For me, I like to have 6 months of my expenses ready (Short term savings). When I have met this criteria, all extra money hits my Mid-range savings plan. From here, I syphon a bit off and kick it up to the long term savings. In some cases, my wife and I just buy something that we have been wanting (morale factor).
I’m a big fan of bonds and specifically Treasure Direct. I put 60% of my mid-range in to Bonds. At times when the rate is really good, I’ll throw closer to 80% at bonds. I prefer I-bonds over all bond types. I guess it’s the 2-part percentage rate that makes me feel like I’m gambling and the fact that the I-bond has been a top performer (as far as bonds go) since introduced.
I usually am a bit hesitant on putting a good deal of money into mutual funds. I got burned during the dot.com bubble and lost 82% on all of my mutual fund money. Now 4-5 years later, I’m about 40% up with my mutual funds.
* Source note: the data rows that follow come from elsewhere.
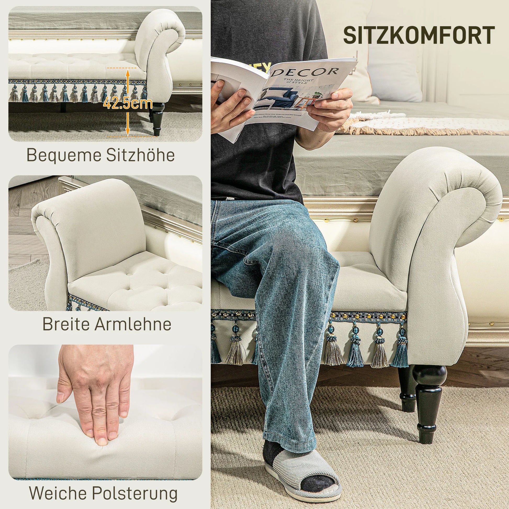 - ✔ Minkšta apmušalas ir patogūs atlošai ant miegamojo suolelio užtikrina išskirtinį sėdėjimo komfortą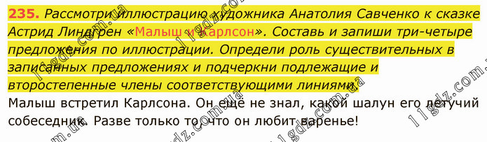 Рассмотри иллюстрацию художника Анатолия Савченко к сказке Астрид Линдгрен «Малыш и Карлсон». Составь и запиши три-четыре предложения по иллюстрации. Определи роль существительных в записанных предложениях и подчеркни подлежащие и второстепенные члены соответствующими линиями. Малыш встретил Карлсона. Он ещё не знал, какой шалун его летучий собеседник. Разве только то, что он любит варенье!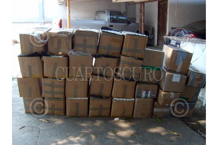 CÁRDENAS, TABASCO, 17OCTUBRE2007.- Agentes de la Policía Federal y de la Agencia Federal de Investigaciones lograron detener por medio de un operativo sorpresa implementado sobre la carretera federal Cárdenas-Coatzacoalcos a Juan Alberto Gutiérrez y Cruz Reyes que trasportaban en la caja de un trailers 21 mil cajetillas de cigarros por contrabando. FOTO: MARCO POLO GUZMÁN HERNÁNDEZ/CUARTOSCURO.COM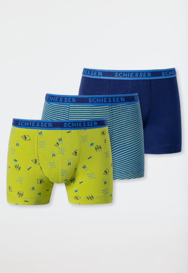 Für richtig gute Laune sorgen diese lässigen Jungen-Shorts im praktischen Dreierpack! Ob unifarben in Dunkelblau, fröhlich geringelt oder in Limetten-Grün mit tollen Camping-Motiven – dieses Multipack ist genau das Richtige für unsere kleinen Abenteurer. Das Single Jersey-Material aus nachhaltigem Organic Cotton und der komfortable Webgummibund sorgen für einen perfekten Sitz und jede Menge Tragekomfort beim Spielen und Toben – rundum in bester SCHIESSER-Qualität!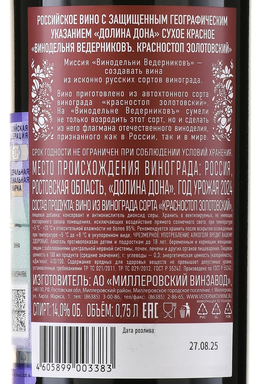 Красное сухое вино Ведерниковъ Красностоп Золотой — витнтажный алкоголь в ассортименте российской компании, предлагаемый при уровне содержания алкоголя 14,5%. Его изготовление прошло в Ростовской обл., сырьём стал местный виноград аборигенного сорта с соблюдением норм урожайности. Тщательно выявленные ягоды были отделены от гребня, прошли ферментацию, а затем их поместили в бочонки из французской дубовой древесины для 16-месячного вызревания. Эксперты советуют декантировать это вино до дегустации.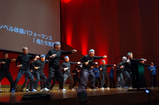 このイベントは、レクリエーション論の授業の一環として行われました。創作群舞 ダイナミック琉球から始まり、3つの講演と実践編での体操を通して、本学の学生だけでなく、OB・OG、小さい子どもや元気塾ネットワーク、NPO法人わくわく元気ネット、東日本大震災被災地支援事業関係者など、シニアの方々が一体となったホールは、いつものホールでのイベントとはまた違った空気感がありました。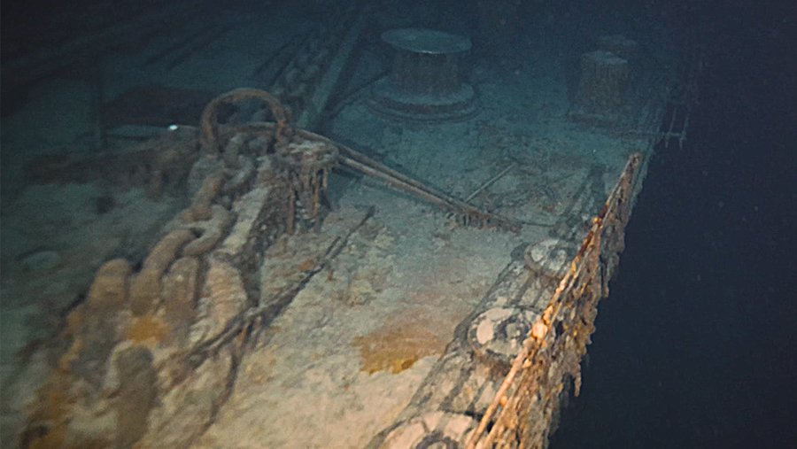 Как стало известно, экспедиция погрузилась на 4 тыс. м к месту крушения легендарного лайнера, чтобы сделать эксклюзивные по качеству съемки. Снятое видео позволяет точно и детально разглядеть нос корабля, якорь левого борта, первый корпус, огромную якорную цепь, грузовой отсек номер один и прочные бронзовые опоры.

I usually put 20% of mid range savings into mutual funds. I like to buy in diversified sectors. Even though they don’t get ridiculous return rates, if you pick a good one, you can get about 10% annually. I’ll take 10% any day.
I usually put any money I have left into Index Funds. An index fund is a company that just invests in other companies across several sectors. Mutual funds are more focused on a single industry or sector. These usually return 10-12% for me. As of late, I have been focusing my index money into: Vanguard 500 Index. Someone gave me a tip (Yeah, like I know a guy) and I have been doing very well with it.
How should you do this?
You have to decide on your own when you reach this stage. It real involves the nature of your work and how comfortable you are with being cash strapped. It you have a very steady career track and you don’t real care if you get kicked out on the street, then start your mid-range savings right away. If you are like most, you will wait until your short term savings goal is met.
I would advise you to start out small. Start out with 90% bonds (not going to lose your money there) and may be grab a SPDR or Index Fund along the way and see how it works out for you. Start to put more money into indexs and and SPDRs when you have money that you can wait on for closer to seven years, you will surely come away on top.